NORTH CAROLINA COURT OF APPEALS
Aug 20, 2013
749 S.E.2d 113 (N.C. Ct. App. 2013)

Opinion

No. COA12–1153.

2013-08-20

Gregory W. TINCHER, Employee, Plaintiff v. ADECCO (formerly known as Olsten Staffing), Employer, Broadspire, Third–Party Administrator/Carrier, Defendants.

Law Office of Gary A. Dodd, by Gary A. Dodd, for plaintiff-appellant. Wilson & Ratledge, PLLC, by Kristine L. Prati for defendant-appellees.


Appeal by plaintiff from opinion and award entered 26 April 2012 in the North Carolina Industrial Commission. Heard in the Court of Appeals 27 March 2013. Law Office of Gary A. Dodd, by Gary A. Dodd, for plaintiff-appellant. Wilson & Ratledge, PLLC, by Kristine L. Prati for defendant-appellees.
BRYANT, Judge.

Where the North Carolina Industrial Commission made findings of fact based on competent evidence in the record addressing each of the methods for establishing disability as stated in Russell v. Lowes Product Distribution, 108 N.C.App. 762, 425 S.E.2d 454 (1993), and concluding that plaintiff was not entitled to disability compensation , we affirm.

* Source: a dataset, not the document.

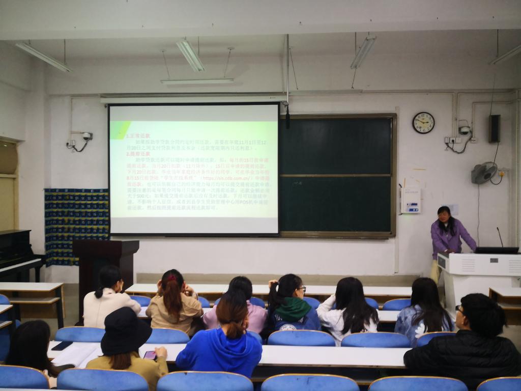 在本次宣讲会上,朱方首先从政策介绍、还款规则、还款方法、毕业确认、应届毕业生考入研究生办理助学贷款展期、个人征信、助学贷款违约后果等方面做了详细地讲解,着重阐述按时还款的重要性和拖欠还款的严重后果;随后组织同学们一起观看诚信还款宣传片,了解良好的个人征信记录带来的巨大便利;最后针对近期出现的学生支付宝账户需升级为成人账户、注销校园贷等骗术,提醒同学们一定要注意警惕此类骗局,不向陌生账户转账,保护自己的财产安全。

The parties and the Industrial Commission use the term “indemnity benefits” interchangeably with the term “disability compensation.” For ease of reading, we use the term “disability compensation.”

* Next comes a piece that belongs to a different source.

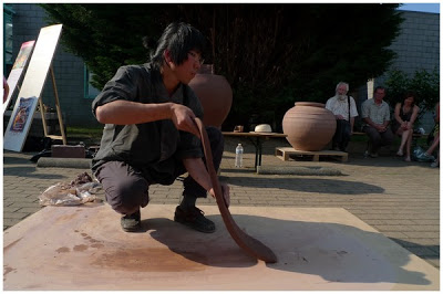 From the site:”The Biennale de la Céramique is a cultural event in Andenne taking place on Sunday and Whit Monday of each even year. The event, was created in 1988 and acquired over time a national and an international recognition. The event wants to revitalize the industrial ceramic history of the city and builds bridges between people and contemporary artists. During the event, and it’s extensions, all the city lives to the rhythm and colors of the ceramic : exhibition of contemporary ceramics in many places, international market of potters & ceramists, artist residency program, lectures, artists demonstrations, master classes, visits of schools, activities for children… all this find it’s proper place in the program. Concentrated around three events and a dozen places in the city, the event organized since 2006 by the Cultural Centre, has strengthened its aspect as a link between the creation and access to art including actions related to ceramics, in conjunction with the Biennale, taking place throughout the year : ceramics courses for children and adults, themed exhibitions, master classes and lectures for professionals are now also on the agenda, reinforcing the Biennale event and giving the city a true character of Ceramics City. The exhibition of contemporary ceramics shows the current trends in contemporary ceramics; the international market of potters and ceramists located on the Chapitre Square, at the foot of Ste Begge’s church, is a real moment for the visibility of the richness and originality of the ceramics of common utility; while the exhibition about the traditional and ethnic ceramics is a focus on the intercultural aspects generated by the practices of ceramics. To ensure and preserve the high artistic level of the works presented and also the novelty, a selection committee choose the participants. So nearly 50 ceramists are selected for the contemporary contemporary exhibition, with a European country often in the spotlight, and nearly 80 participants to the market. The Selection Committee is a guarantee of the variety and diversity of creation considering contemporary aspects, aesthetic, technical and originality of works. The event is also intended as a show place for students of Academies and Art schools of the country, offering to them a special exhibition space, allowing students to present their ceramic creations. There is no doubt that the Biennale de la Céramique is a reference for the professionals and an attraction for ceramics lovers from many countries.”

In October of 2006, plaintiff Gregory Tincher was hired by defendant Adecco, a temporary staffing agency, and placed in the position of lathe operator at Borg Warner, a manufacturing plant. The lathe operated by plaintiff required the use of a chemical coolant, Quakercool 3750. Sometime after he started using the coolant, plaintiff developed a rash on his hands. Plaintiff reported the rash to his supervisor and was given a skin cream. Plaintiff continued to work until the plant closed for the holidays on 21 December 2006. Plaintiff's rash worsened over the holidays, and he did not return to work when the plant reopened on 2 January 2007. Thereafter, defendant called plaintiff regarding his availability for work, but plaintiff did not respond. Plaintiff sought medical treatment in February 2007 and in June 2007. Plaintiff never returned to his job as a lathe operator but found employment as a truck driver with K & M Enterprises from April 2007 until February 2008. Also, he worked for his sister, Kristie Sluder, stocking vending machines from February 2008 until September 2008.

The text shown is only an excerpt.